When you download pictures and video files, just save them to the "D" drive.

You can make Win 7 point to the "D" drive for all the default "picture" movie" folders.


----------



## Doxie-Doglover-Too (Jan 25, 2007)

Oregon_Camper said:


> the 16gb on the "C" drive will be more than enough.
> 
> When you download pictures and video files, just save them to the "D" drive.
> 
> You can make Win 7 point to the "D" drive for all the default "picture" movie" folders.


Jim, sometimes it doesn't offer me the choice of where to download something, it just does it to the c drive. That is why I was asking about making changes.

I am STILL having trouble with getting hotmail to default when I went to send a link. Sometimes it does and sometimes it doesn't. AND when it does send it, it says it didn't and THAT message is stuck on my screen until I kill it in task manager.


----------



## Doxie-Doglover-Too (Jan 25, 2007)

thefulminator said:


> Doxie, did the laptop come with windows disk(s)? Some laptop manufacturers add another, sometimes hidden partition where all the windows disk and other software original copies are stored. My toshiba didn't come with windows disks but it had software that would let you create your own "recovey disk" from the archived data on that partition.
> 
> My point is, that if you use partition magic or similar software, it may find another partition that you may not know about. Whatever you do, don't get rid of that partition. It may have your only backup copy of the operating system and other software in it.


Yes, it came with discs


----------



## raynardo (Jun 8, 2007)

Doxie-Doglover-Too said:


> My new Dell Laptop with Windows 7 had dedicated hard drives but here is my dilemma. The C drive is the operating system and currently has 16 of 58 gb free. The D drive has 394 of 397 gb free.
> 
> Best Buy (where I bought it) says the can repartition the hard drive. Is that what I should do?
> 
> Also, why would a computer be configured like it is in the first place? almost everything I download goes to the c drive and sometimes I am given the option to choose where I want to down it to and sometimes it just does it.

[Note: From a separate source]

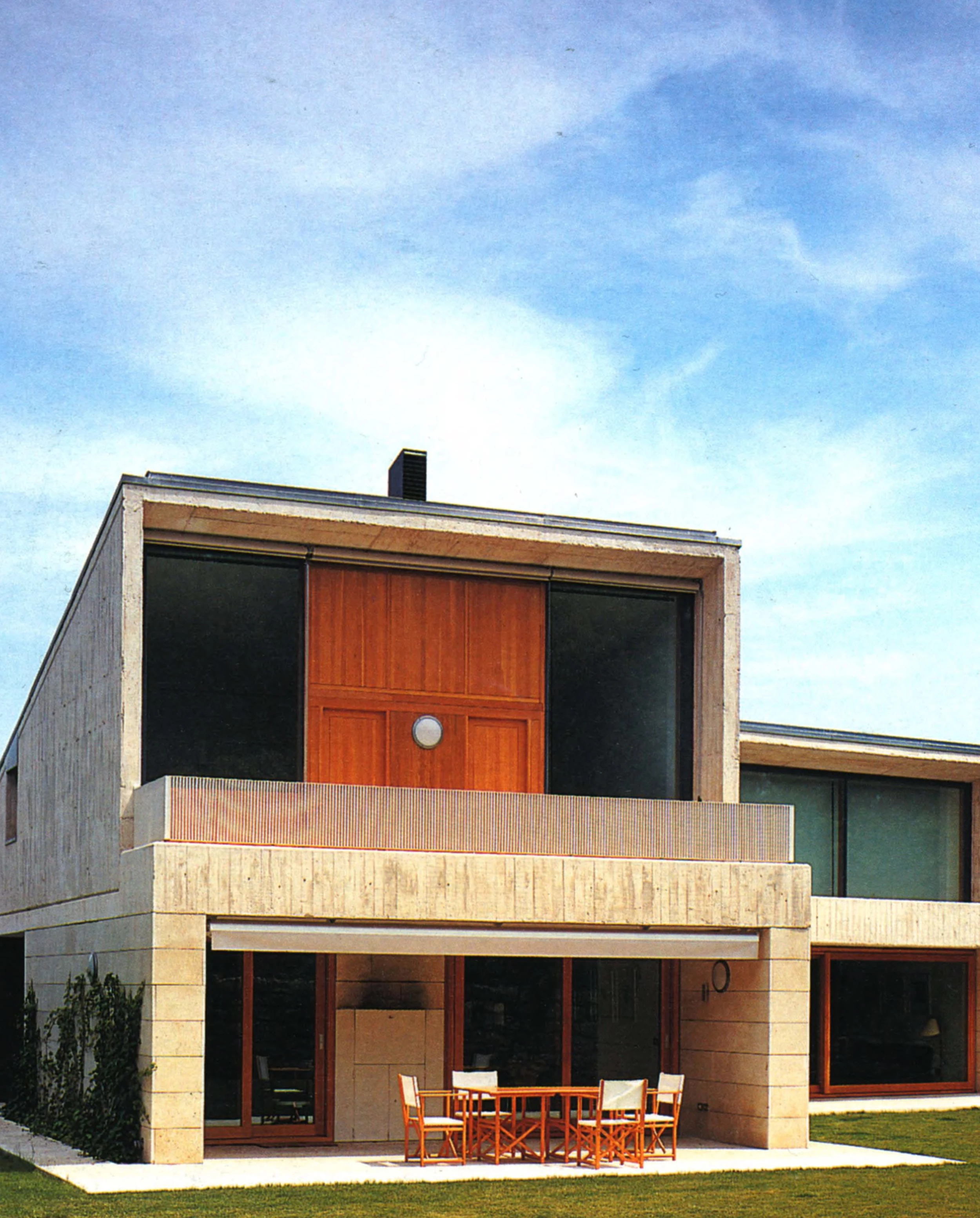 Sobre este basamento semienterrado se ha organizado el programa en tres volúmenes de hormigón orientados hacia el sur. Los dos más pequeños son sendas piezas paralelas de una planta y unidas por un porche común, y corresponden respectivamente al dormitorio principal y al salón; las cubiertas, de un solo faldón, ascienden hacia las fachadas sur acristaladas. El cuerpo mayor, de dos plantas, forma un pequeño ángulo con los otros. Dividido interiormente en dos mitades en sentido longitudinal, alberga en planta baja el comedor y la cocina, mientras que en la planta alta, bajo la cubierta inclinada y con salida a una terraza a sur, se organizan los restantes dormitorios.

Are you SURE Dell set it up this way? I have two Dell laptops, and they have their largest partition as a C: drive, and then they have a tiny partition as a D: drive, where the recovery files are located.

I seems odd to me that Dell would partition a C: drive with less than 60GB and then create a D: drive with 400GB. You're not mixing gigabytes with megabytes by accident, are you?

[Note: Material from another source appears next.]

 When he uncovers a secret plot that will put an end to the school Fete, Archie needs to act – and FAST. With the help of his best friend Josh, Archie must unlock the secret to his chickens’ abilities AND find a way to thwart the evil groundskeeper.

Before you go to Best Buy or purchase Partition Magic, call Dell's toll free tech support and have a little chat with them, they may be able to set you straight without spending any unnecessary money.

Take it from an freshly minted retired 30 year IT tech veteran - I was a nerd before being a nerd was cool.


----------



## Doxie-Doglover-Too (Jan 25, 2007)

raynardo said:


> My new Dell Laptop with Windows 7 had dedicated hard drives but here is my dilemma. The C drive is the operating system and currently has 16 of 58 gb free. The D drive has 394 of 397 gb free.
> 
> Best Buy (where I bought it) says the can repartition the hard drive. Is that what I should do?
> 
> Also, why would a computer be configured like it is in the first place? almost everything I download goes to the c drive and sometimes I am given the option to choose where I want to down it to and sometimes it just does it.


Are you SURE Dell set it up this way? I have two Dell laptops, and they have their largest partition as a C: drive, and then they have a tiny partition as a D: drive, where the recovery files are located.

I seems odd to me that Dell would partition a C: drive with less than 60GB and then create a D: drive with 400GB. You're not mixing gigabytes with megabytes by accident, are you?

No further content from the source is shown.